In Thursday's New England Journal of Medicine, doctors detailed the cases of the two women, ages 22 and 40, who experienced "transient smartphone blindness" for months.
The women complained of recurring episodes of temporary vision loss for up to 15 minutes. They were subjected to variety of medical exams, MRI scans and heart tests. Yet doctors couldn't find anything wrong with them to explain the problem.
.........
But minutes after walking into an eye specialist's office, the mystery was solved. "I simply asked them, 'What exactly were you doing when this happened?'" recalled Dr. Gordon Plant of Moorfield's Eye Hospital in London.
He explained that both women typically looked at their smartphones with only one eye while resting on their side in bed in the dark - their other eye was covered by the pillow.
"So you have one eye adapted to the light because it's looking at the phone and the other eye is adapted to the dark," he said. When they put their phone down, they couldn't see with the phone eye. That's because "it's taking many minutes to catch up to the other eye that's adapted to the dark," Plant said.
I've done this unintentionally countless times and immediately self-diagnosed the "blindness" problem. So not only are these people idiots, but we have medical doctors prescribing MRIs and heart tests.
iwealth wrote:
I've done this unintentionally countless times and immediately self-diagnosed the "blindness" problem. So not only are these people idiots, but we have medical doctors prescribing MRIs and heart tests.
And my health premiums keep rising...argh.

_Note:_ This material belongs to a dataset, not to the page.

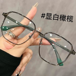 鏡枠超軽量茶色大枠痩せ眼鏡チタンフレーム女性近視は度数素顔神器多角形鏡フレームを配合できる
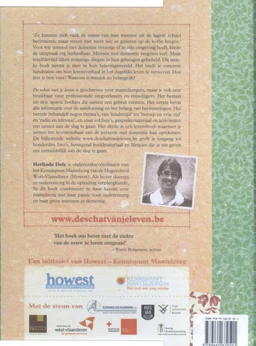 ‘Ze kunnen zich vaak de naam van hun meester uit de lagere school herinneren, maar weten niet meer wie ze gisteren op de koffie kregen.’ Voor wie iemand met dementie verzorgt of in zijn omgeving heeft, klinkt de uitspraak erg herkenbaar. Mensen met dementie vergeten veel. Maar tezelfdertijd lijken sommige dingen in hun geheugen gebeiteld. Dit unieke boek neemt je mee in hun belevingswereld. Het biedt je concrete handvaten om hun levensverhaal in het dagelijks leven te verweven. Hoe lees je hen voor? Waarom is muziek zo belangrijk? De schat van je leven is geschreven voor mantelzorgers, maar is ook zeer bruikbaar voor professionele zorgverleners en vrijwilligers. Het bestaat uit drie aparte boekjes die samen een geheel vormen. Het eerste bevat alle informatie over de aandoening en het belang van herinneringen. Het tweede behandelt negen thema’s, van ‘kindertijd’ tot ‘beroep en vrije tijd’ en ‘radio en televisie’, en staat vol foto’s, gespreksmateriaal en activiteiten om samen aan de slag te gaan. Het derde is een levensboek waarmee je samen het levensverhaal van de persoon met dementie kan optekenen. De bijhorende website www.deschatvanjeleven.be geeft je toegang tot honderden foto’s, bewegend beeldmateriaal en filmpjes die je zin geven om onmiddellijk aan de slag te gaan.

I saw that and thought the exact same thing! Everyone involved in this chain of events, from the "patient" to the doctor to the reporter, is basically a moron.
Xan wrote:
I saw that and thought the exact same thing! Everyone involved in this chain of events, from the "patient" to the doctor to the reporter, is basically a moron.
You are not aware how medicine is practiced today. As someone who does not order any tests, but interprets the imaging studies ordered by others (CTs, MRIs, etc) I can tell you that we have gone far far down the line from practicing defensive medicine. You now have to order the test to exclude the rare possibility, no matter how unlikely. That is how medicine is practiced (at least in the US).
Benko wrote:You now have to order the test to exclude the rare possibility, no matter how unlikely. That is how medicine is practiced (at least in the US).
Is this for fear of malpractice suits? Because surely some doctor in the chain had to recognize what was going on here. Do we now have a front line of doctors that do nothing but prescribe tests with results to be interpreted by other doctors whose job is to then relay the results back to the prescribing doctor?
Benko wrote:You now have to order the test to exclude the rare possibility, no matter how unlikely. That is how medicine is practiced (at least in the US).
Is this for fear of malpractice suits?
No. It was once, but now it has been established as the way you have to practice (prove every pt doesn't have the rare thing). There is no going back. And to be fair, if you are the person walking in the ER with the rare disease, you will be better off getting the test. It is just they will have to image many people who don't have anything to find you.
And as someone who sees lots of tests ordered for what seems on my end to be silly reasons on a daily basis, I have a differernt view from e.g. WiseOne and the people who order the tests. Perhaps she will chime in.
Benko wrote:You are not aware how medicine is practiced today. As someone who does not order any tests, but interprets the imaging studies ordered by others (CTs, MRIs, etc) I can tell you that we have gone far far down the line from practicing defensive medicine. You now have to order the test to exclude the rare possibility, no matter how unlikely. That is how medicine is practiced (at least in the US).
I wish that philosophy worked at the PCP level so I could get everything I want tested for "free" instead of what was just demeed most necessary or acceptable. This stuff isn't cheap out of pocket.
OTOH, compared to the bad old days where negligience ruled because doctor's let their biases and personal pet opinions dictate what was and what wasn't necessary as far as diagnostic and etiology went, I rather them be much more thorough today like a expert system/robot would.
"All generous minds have a horror of what are commonly called 'Facts'. They are the brute beasts of the intellectual domain." -- Thomas Hobbes
Disclaimer: I am not a broker, dealer, investment advisor, physician, theologian or prophet. I should not be considered as legally permitted to render such advice!